In a 30-minute video released earlier in the day, Mr. Prigozhin had described his country’s invasion of Ukraine as a “racket” perpetrated by a corrupt elite chasing money and glory without concern for Russian lives.

For months the Russian war effort has been hampered by the bitter feud between Mr. Prigozhin and top military leaders, whom he has accused in scathing terms of incompetence in conducting the war.

But the accusations Mr. Prigozhin leveled in audio and videotaped messages posted on Friday raised the stakes. Never before had Mr. Prigozhin accused Russia’s military leaders of attacking his forces, nor had asserted in such stark terms that the Kremlin’s stated justification for the war was nonsense.

He accused the Russian minister of defense, Sergei K. Shoigu, of orchestrating a deadly attack with missiles and helicopters on camps to the rear of the Russian lines in Ukraine, where his soldiers of fortune were bivouacked. And he accused Mr. Shoigu of overseeing the strikes himself from the town of Rostov-on-Don in southern Russia, near Ukraine.

The mercenary leader’s claims could not be immediately verified. The Russian defense ministry denied the allegations, saying in a statement that the messages Mr. Prigozhin had posted about supposed strikes on Wagner camps “do not correspond to reality.”

Dmitri S. Peskov, the Kremlin’s spokesman, said that Mr. Putin was “aware of all events around Prigozhin,” according to Interfax, a Russian news agency.

Mr. Prigozhin’s accusations created a ripple effect among Russian pro-war activists, who fear that an open conflict between the army and Wagner forces could threaten the Russian front lines during the Ukrainian counteroffensive. In Ukraine, some viewed his statements as more evidence of internal divisions within the Russian war effort.

In an earlier videotaped speech, Mr. Prigozhin did not explicitly impugn Mr.
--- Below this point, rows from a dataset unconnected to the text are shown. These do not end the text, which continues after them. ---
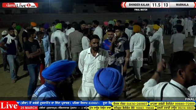 Final Match Warnala (Zira) Kabaddi Cup 25 March 2022
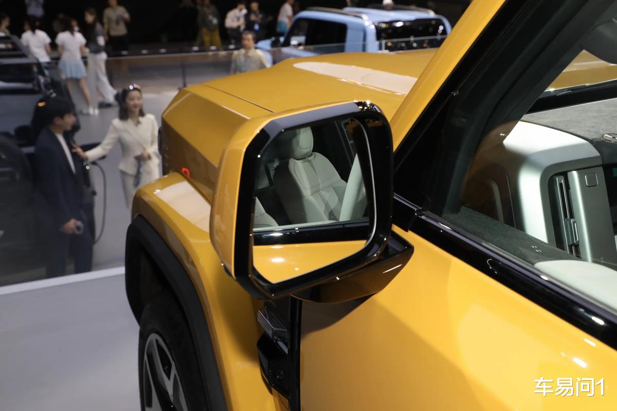 尺寸方面,iCAR V27拥有4909/1976/1855mm的长宽高与2910mm的轴距,这在中大型硬派SUV确实不算大,而备胎与行李架分别会带来+146mm、+39mm的长度与高度增加。值得一提的是,iCAR V27其实也准备了诸多车外套件可选,而包括可替换的装饰面板、集成NFC的多功能面板,还有盲窗设计等等,则是车辆比较展现家族辨识度的区域。
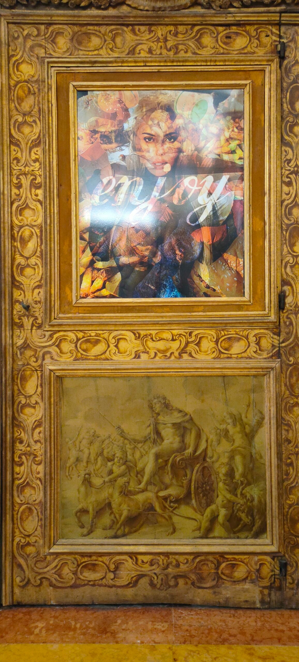 CTRL+Z è, quindi, un’esperienza volutamente eccessiva che raggiunge il suo culmine con le opere esposte nella Galleria dell’Eneide del Buonaccorsi. In questo ampio e fastoso spazio barocco, l’installazione “barocca” di Costanzo dialoga efficacemente con l’ambiente circostante, mostrando contrasto e continuità tra queste due “visioni” lontanissime nel tempo. Ma CTRL+Z non è una mostra malinconica che critica il presente per portarci a rimpiangere il passato: è un’esposizione che invita il pubblico a essere consapevole, in maniera critica, e a tratti ironica, del proprio tempo. Con la sua produzione, l’artista ci indica come ripensare alla nostra relazione con la visibilità, l’informazione, la rappresentazione e la comunicazione contemporanee, trasformando la sfrenata abbondanza di media e di immagini in opere aperte a molteplici interpretazioni.
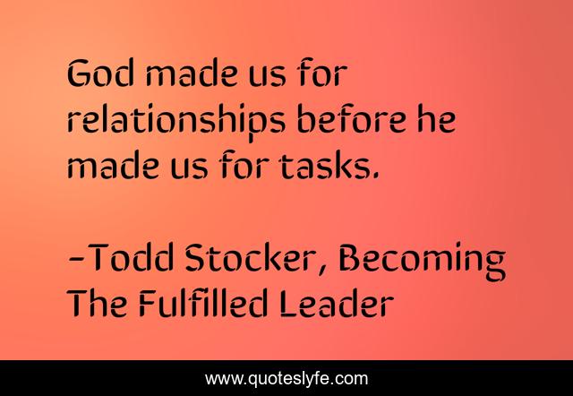 This page presents the quote "God made us for relationships before he made us for tasks.". Author of this quote is Todd Stocker, Becoming The Fulfilled Leader. This quote is about relationships, confidence, tasks, god, motivational, optimistic, inspirational, positive, enthusiasm,.
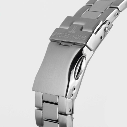 - циферблат украшен фирменным логотипом Jacques Lemans;
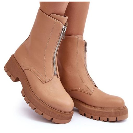PS1 Skórzane Botki Na Płaskim Obcasie Z Suwakiem Camel Vimal beżowy
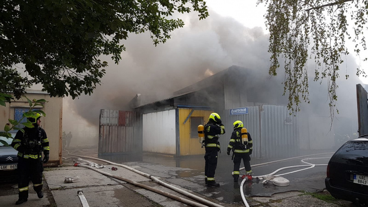 PRAHA – V Kutnohorské ulici v Praze zasahují jednotky profesionálních a dobrovolných hasičů u požáru v autodílně v průmyslovém areálu.
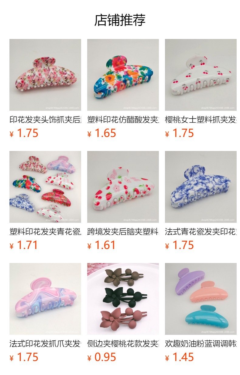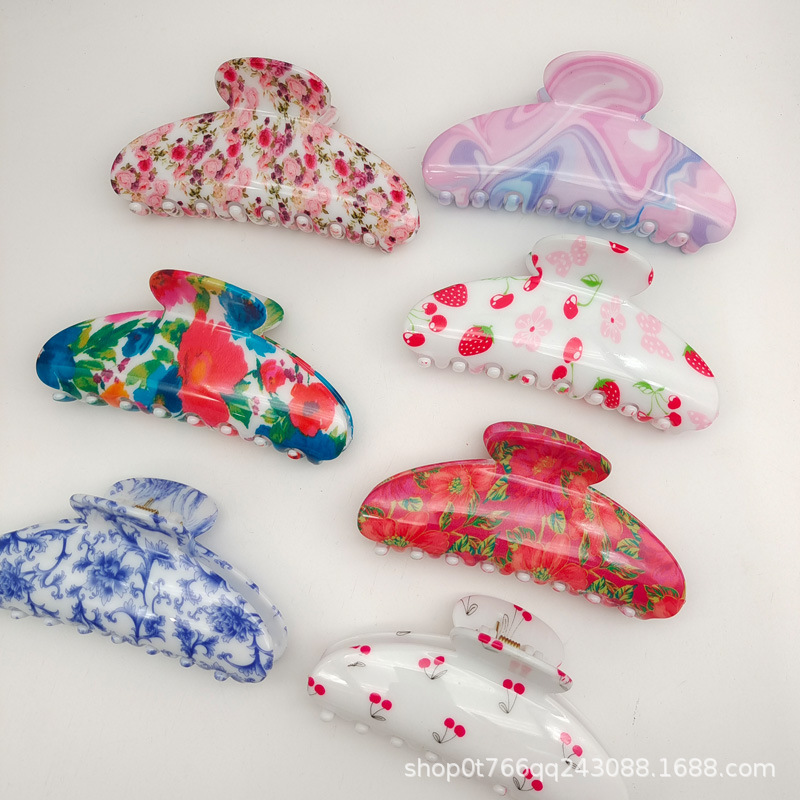 碎花发抓夹女印花发抓盘发夹鲨鱼夹仿亚克力发饰头饰hair clip
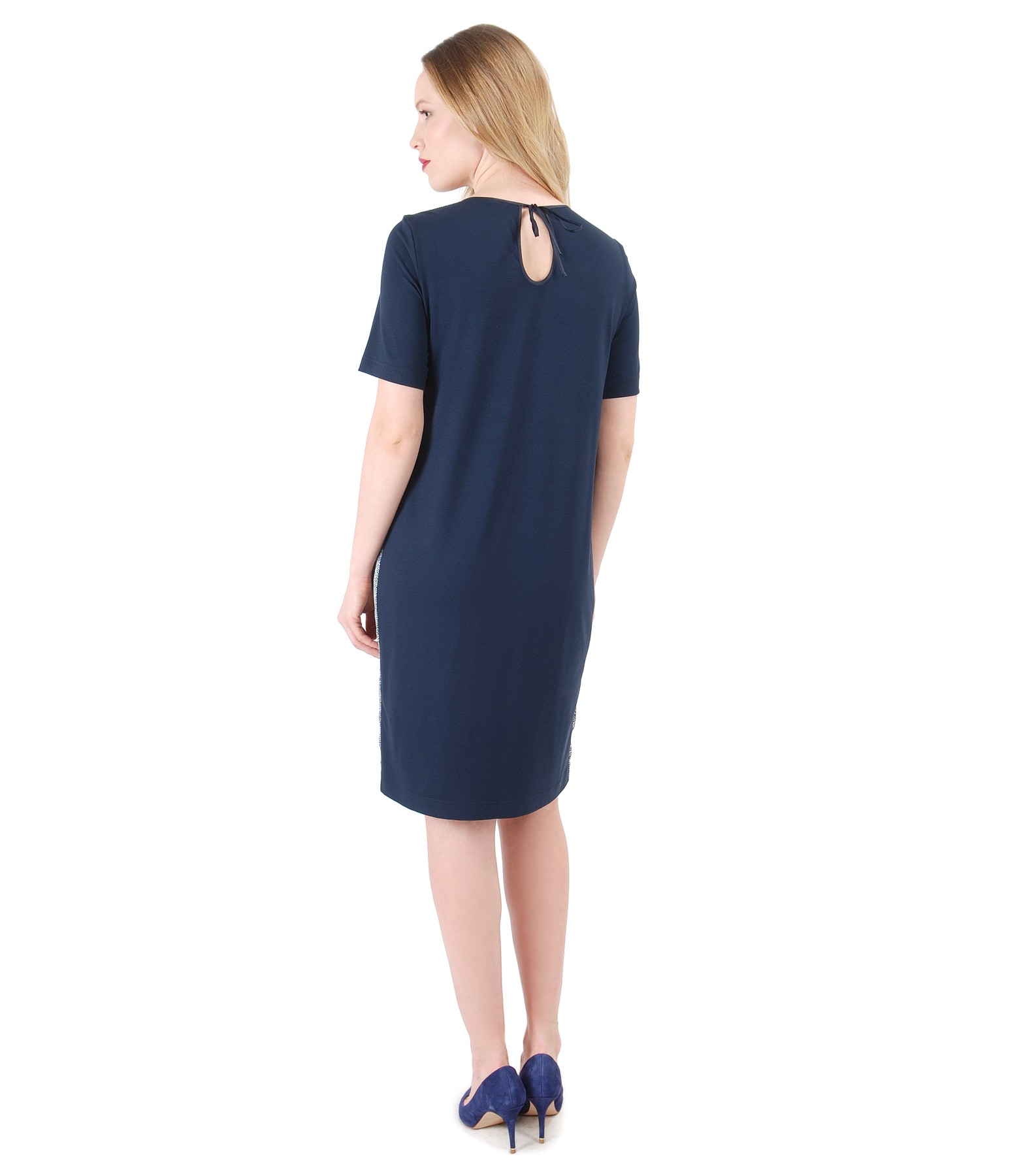 Casual dress with front made of black and white printed viscose, with short sleeves and round decolletage. Have no closing system.
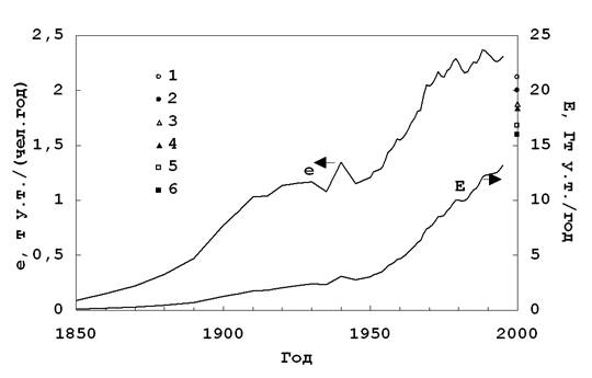 установление факта стабилизации душевого потребления энергии для развитых индустриальных стран, ответственных примерно за 50% мирового потребления топлива. Уровень, на котором происходит стабилизация душевого потребления энергии, определяется исключительно климато-географическими факторами: среднегодовой температурой страны, рельефом и размером ее территории. Этот факт позволяет оценить оптимальное значение е* душевого энергопотребления для каждой страны;
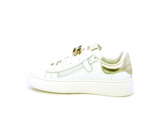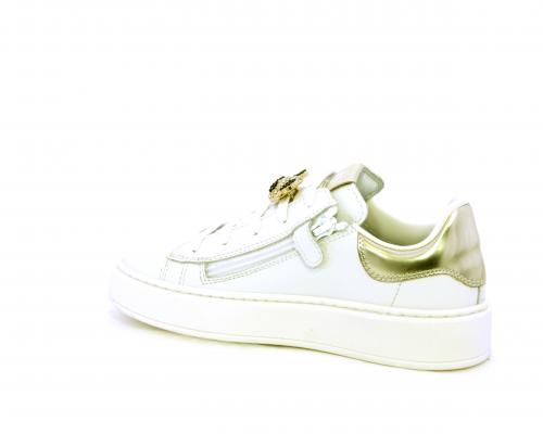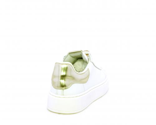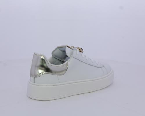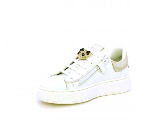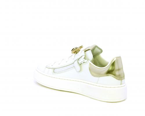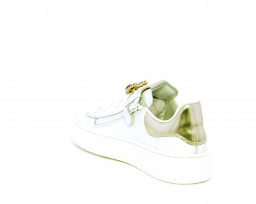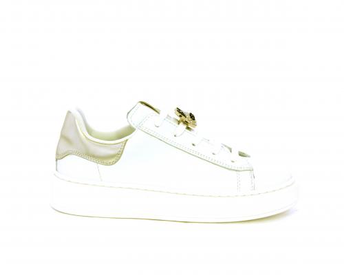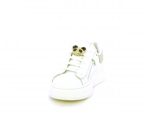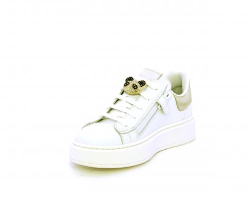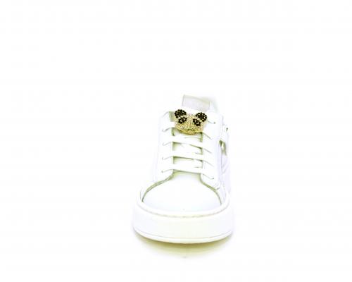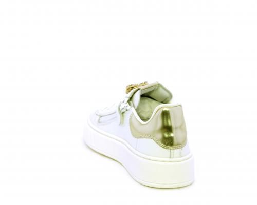 Sneakers con lacci e chiusura laterale, platfoarm in gomma, tomaia in pelle con accessorio con brillatini sui lacci che può essere rimosso, cuscinetto intorno alla caviglia, sottopiede e fodera interna in pelle, fusbet estraibile.
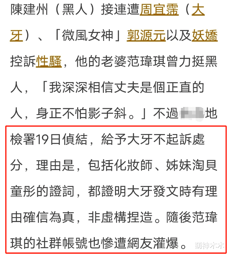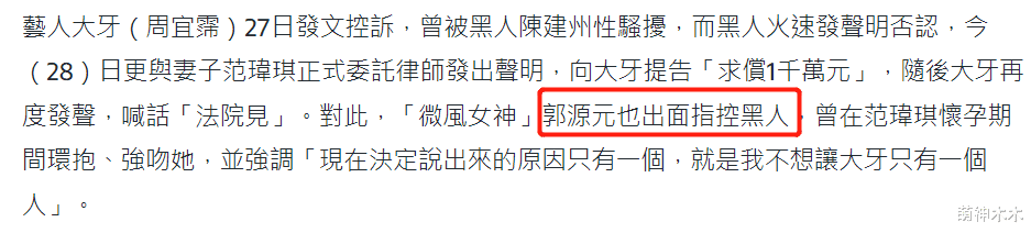 女星郭源元在大牙遭到陈建州、范玮琪联手起诉之后,第一时间发布长文力挺大牙,讲述了自己被陈建州骚扰的经历,很多细节都和大牙的控诉隐约对应。
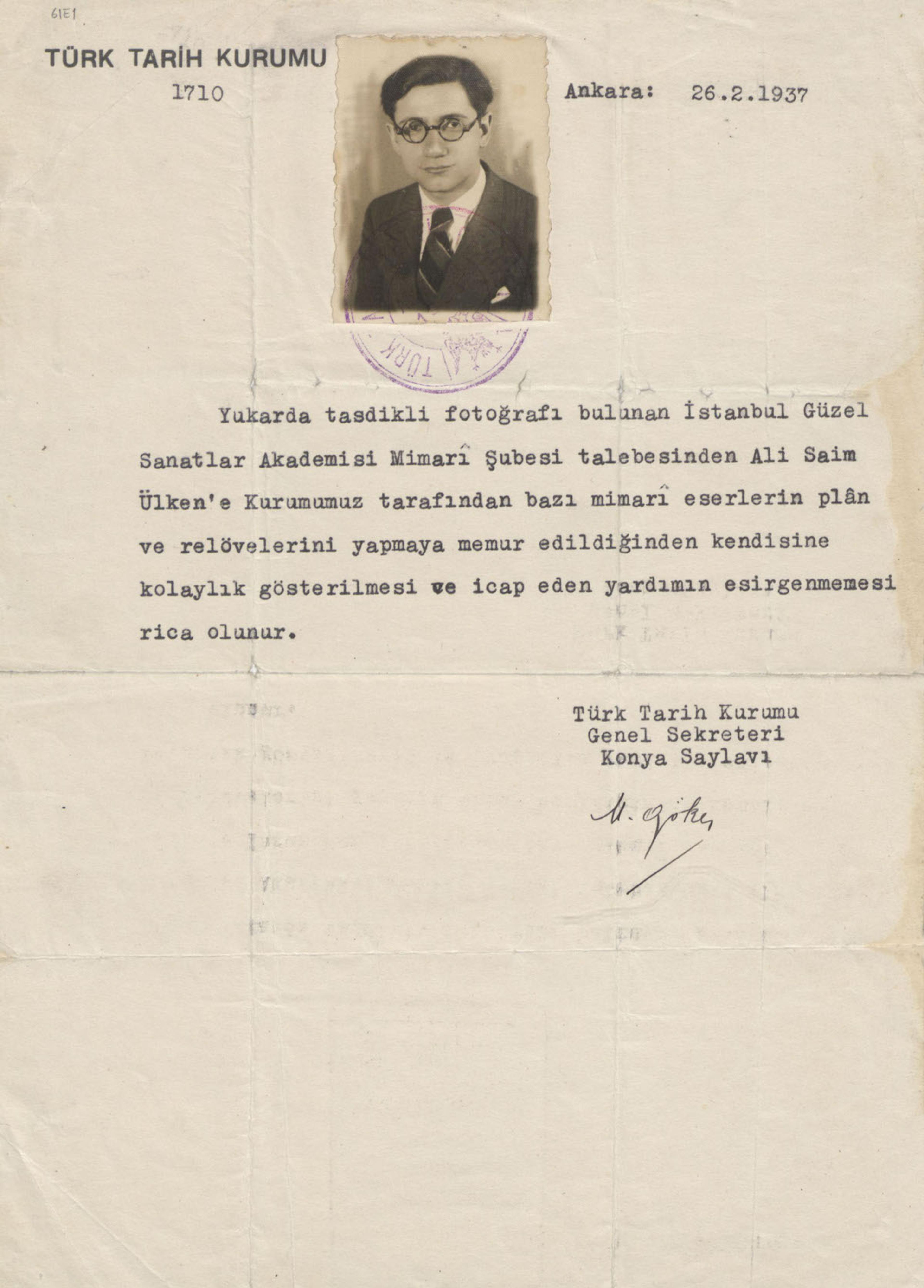 Türk Tarih Kurumu’nun, rölövesini hazırlamakla görevlendirildiği yapılarda Ali Saim Ülgen’e kolaylık gösterilmesi için hazırladığı belge.
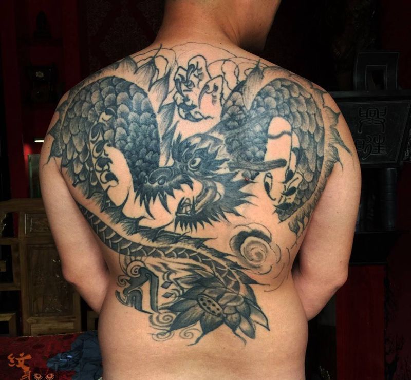 后背大龙遮盖纹身图片_背部传统原创神兽遮盖作品纹身图案
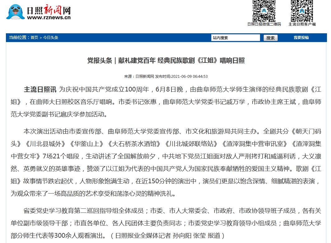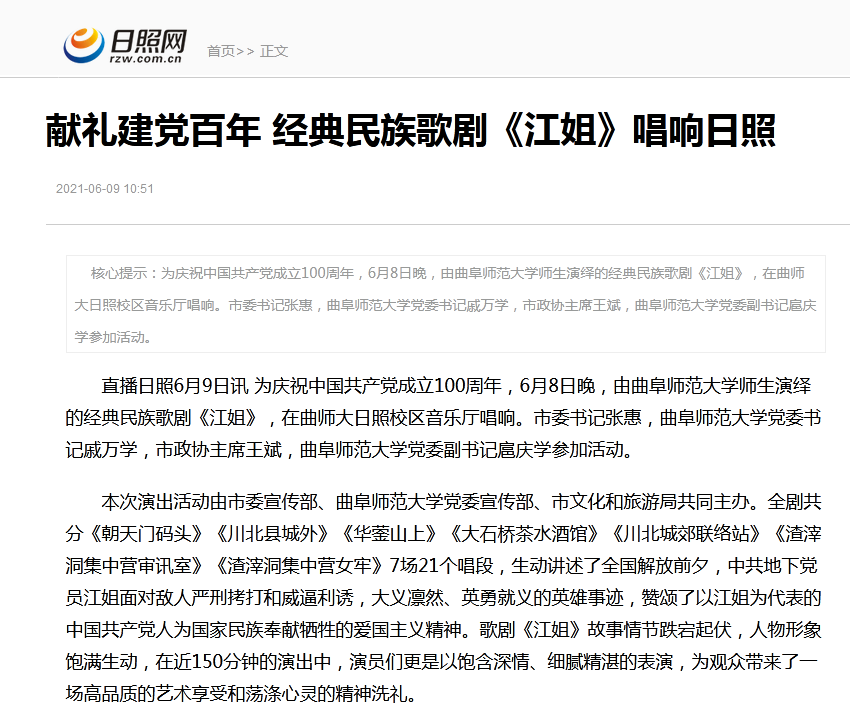 日照网:XK在线师生演绎经典民族歌剧《江姐》献礼建党百年
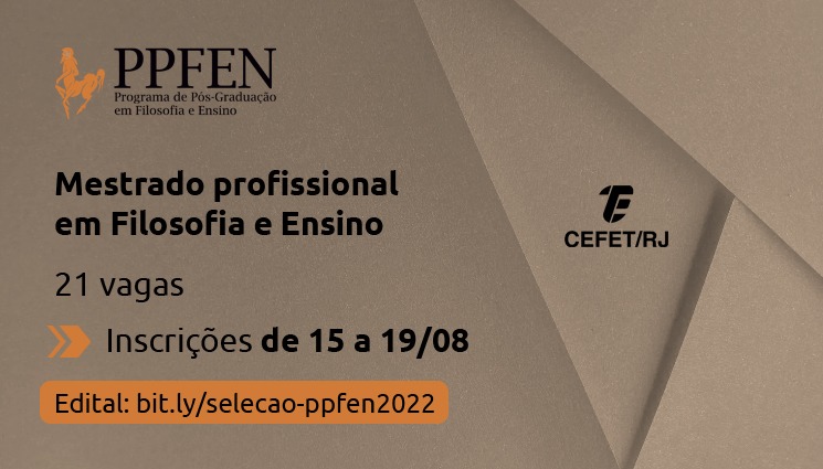 O Cefet/RJ disponibilizou para consulta o edital do curso de mestrado profissional do Programa de Pós-Graduação em Filosofia e Ensino (PPFEN) para ingresso em 2022. Ao todo, o processo seletivo abre 21 vagas, sendo metade delas reservada a negros e indígenas. Também haverá sistema de cotas para pessoas com deficiência e pessoas trans. As inscrições poderão ser realizadas entre os dias 15 e 19 de agosto, pelo site https://processoseletivo.cefet-rj.br/.
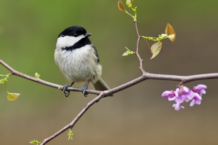 Black-capped Chickadee (Poecile atricapillus) perching on a Eastern Redbud Tree.
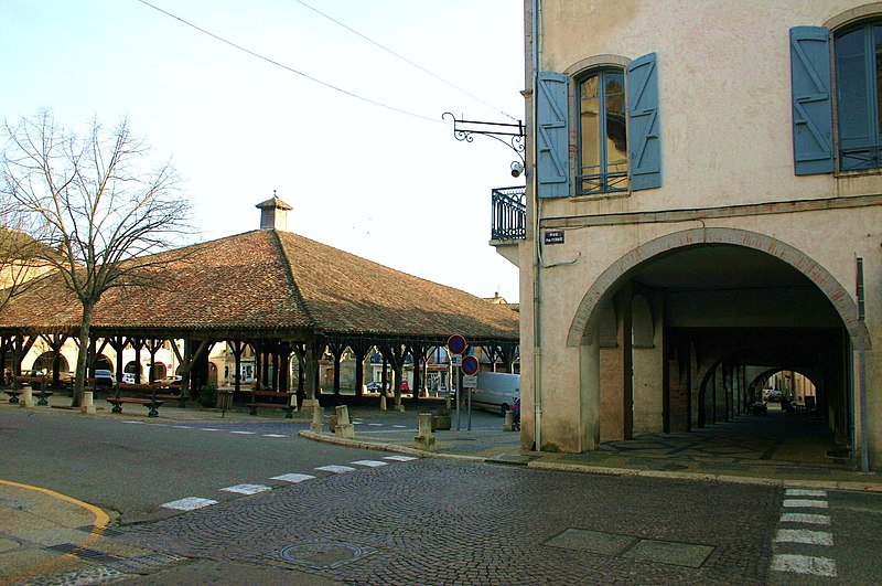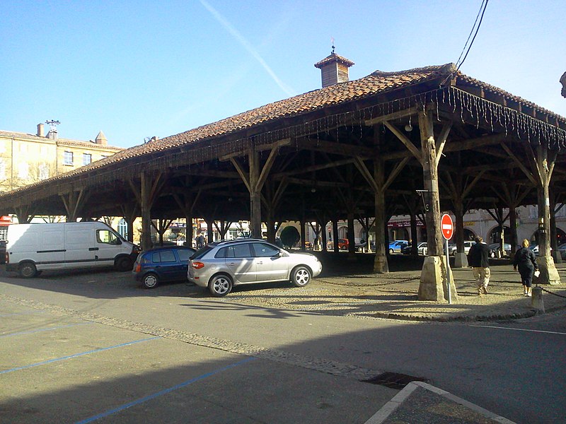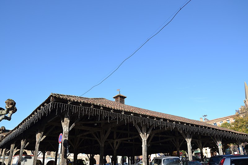 La halle de Beaumont-de-Lomagne, située au centre de la ville du même nom (Tarn-et-Garonne), accueille les marchés du samedi matin depuis le XIVe siècle. Elle est attribuée au XIVe ou au début du XVe siècle ; sa construction avait été envisagée dès la fondation de la bastide en 1278, mais n'a été réalisée qu'au XIVe siècle. Il s'agit d'une halle carrée d'environ 36,40 m de côté ; une source mentionne par ailleurs une surface de 1 560 m². Sa charpente, en chêne, repose sur des poteaux posés sur des dés ou socles de pierre dont les dimensions varient pour compenser la pente du terrain. La structure se compose de plusieurs nefs soutenues par ces poteaux. Le bâtiment a connu de nombreuses réparations et transformations au fil du temps. Son toit, refait en 1857, était autrefois surmonté d'un donjon dont la taille s'est progressivement réduite. Le 27 mars 1647, le donjon s'effondra en provoquant d'importants dégâts ; il fut remplacé par le clocheton qui subsiste aujourd'hui et qui marquait le contrôle de la ville sur l'édifice. La halle fait l'objet d'un classement au titre des monuments historiques depuis le 18 juin 1930. Des notices et ressources sur l'architecture de la halle figurent dans les bases Mérimée et Structurae ainsi que sur les portails consacrés au Tarn-et-Garonne et aux monuments historiques.

Putin, instead casting him as a leader being misled by his officials. But in dismissing the Kremlin’s narrative that the invasion was an existential necessity for the Russian nation, Mr. Prigozhin went farther than anyone in Russia’s security establishment in publicly challenging the wisdom of the war.

“The war wasn’t needed to return Russian citizens to our bosom, nor to demilitarize or denazify Ukraine,” Mr. Prigozhin said, referring to Mr. Putin’s initial justifications for the war. “The war was needed so that a bunch of animals could simply exult in glory.”

Friday’s diatribes deepened the enigma of Mr. Prigozhin’s ambiguous role in Mr. Putin’s system. His Wagner troops, composed of veteran fighters as well as thousands of convicts whom Mr. Prigozhin personally recruited from Russian prisons, proved key in capturing the Ukrainian city of Bakhmut in May after a monthslong battle.

But, during the battle for Bakhmut, Mr. Prigozhin also emerged as a populist political figure, excoriating Russia’s military leadership for corruption and for not providing his forces with enough ammunition. His angry recordings and videos posted to the Telegram messaging network cast top military and Kremlin officials as unaware and uncaring of the struggles of regular Russian soldiers.

So far, Mr. Putin has not reined in Mr. Prigozhin, even as his security forces have jailed or fined thousands of Russians for criticizing the military or opposing the war. Some people who know Mr. Putin have said they believe that he still sees Mr. Prigozhin as a loyal servant applying needed pressure on a sprawling military apparatus. Others theorize that the Kremlin has orchestrated Mr. Prigozhin’s tirades against Mr. Shoigu, the defense minister, to deflect blame from Mr. Putin himself.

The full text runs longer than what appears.